■ **Information supplied**:
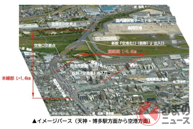 福岡高速3号線(空港線)は、既存の「空港通出入口」をさらに福岡空港側に約1.4km延伸し、「空港北口出入口(仮称)」を新たに建設予定です。
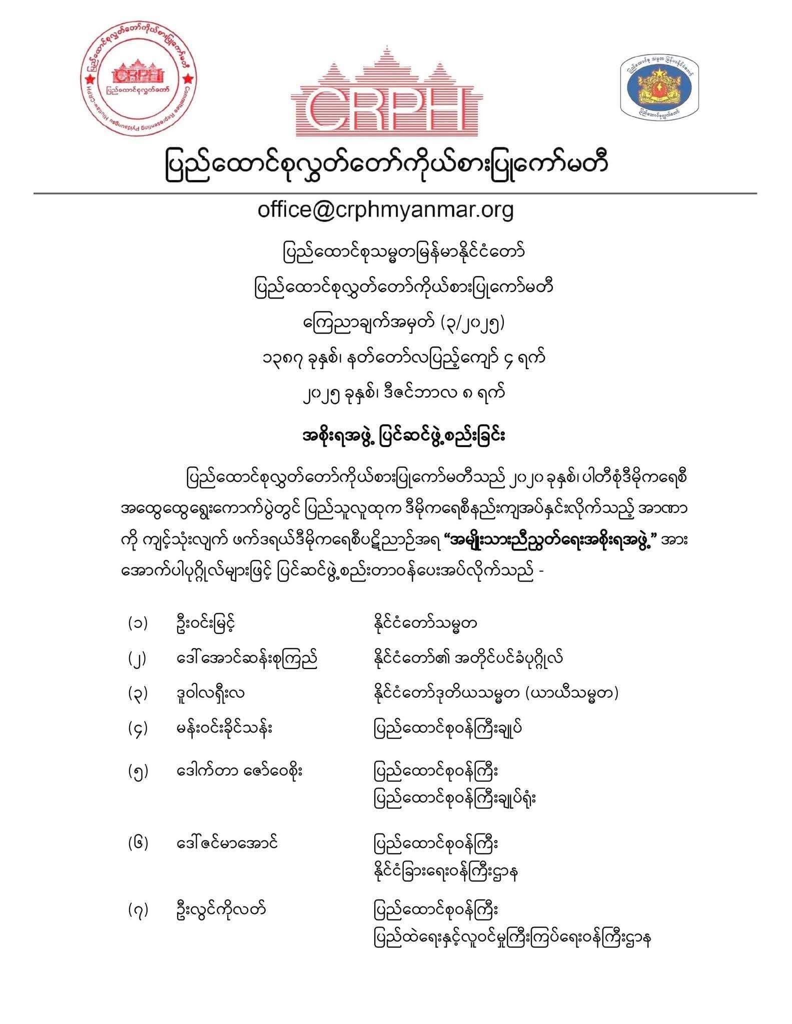 အမျိုးသားညီညွတ်ရေးအစိုးရ (NUG) အဖွဲ့ကို ယခုနှစ်ကုန်ပိုင်းတွင် အပြောင်းအလဲ ပြုလုပ်မည်ဟု ထုတ်ဖော်ပြောဆိုထားပြီးနောက် ဒုတိယဝန်ကြီးအဆင့်ရှိသူများကို ရာထူးတိုးမြှင့်ပေးခြင်း၊ ဝန်ကြီးဌာ နများကို ပေါင်းစည်းလျှော့ချခြင်းများဖြင့် NUG အစိုးရအဖွဲ့ကို ပြင်ဆင်ဖွဲ့စည်းလိုက်ကြောင်း ပြည်ထောင်စု လွှတ်တော်ကိုယ်စားပြုကော်မတီ (CRPH) က ထုတ်ပြန်သည်။
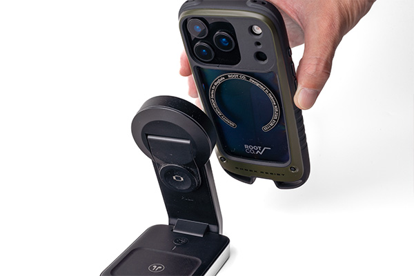 MagSafe対応マルチ充電器「PLAY EZ Fold – 3 in 1 Mag Safe Charging Station」やMag Safeカーマウント「PLAY EZ1 MagSafe Wireless Car Charger」等、各種MagSafeアクセサリーへ取り付け・対応が可能となります。

■ **Problem to work on**: Exactly as written, restate all of the data, leaving out the images.

■ **Response to the exercise**:
 福岡高速3号線(空港線)は、既存の「空港通出入口」をさらに福岡空港側に約1.4km延伸し、「空港北口出入口(仮称)」を新たに建設予定です。
 အမျိုးသားညီညွတ်ရေးအစိုးရ (NUG) အဖွဲ့ကို ယခုနှစ်ကုန်ပိုင်းတွင် အပြောင်းအလဲ ပြုလုပ်မည်ဟု ထုတ်ဖော်ပြောဆိုထားပြီးနောက် ဒုတိယဝန်ကြီးအဆင့်ရှိသူများကို ရာထူးတိုးမြှင့်ပေးခြင်း၊ ဝန်ကြီးဌာ နများကို ပေါင်းစည်းလျှော့ချခြင်းများဖြင့် NUG အစိုးရအဖွဲ့ကို ပြင်ဆင်ဖွဲ့စည်းလိုက်ကြောင်း ပြည်ထောင်စု လွှတ်တော်ကိုယ်စားပြုကော်မတီ (CRPH) က ထုတ်ပြန်သည်။
 MagSafe対応マルチ充電器「PLAY EZ Fold – 3 in 1 Mag Safe Charging Station」やMag Safeカーマウント「PLAY EZ1 MagSafe Wireless Car Charger」等、各種MagSafeアクセサリーへ取り付け・対応が可能となります。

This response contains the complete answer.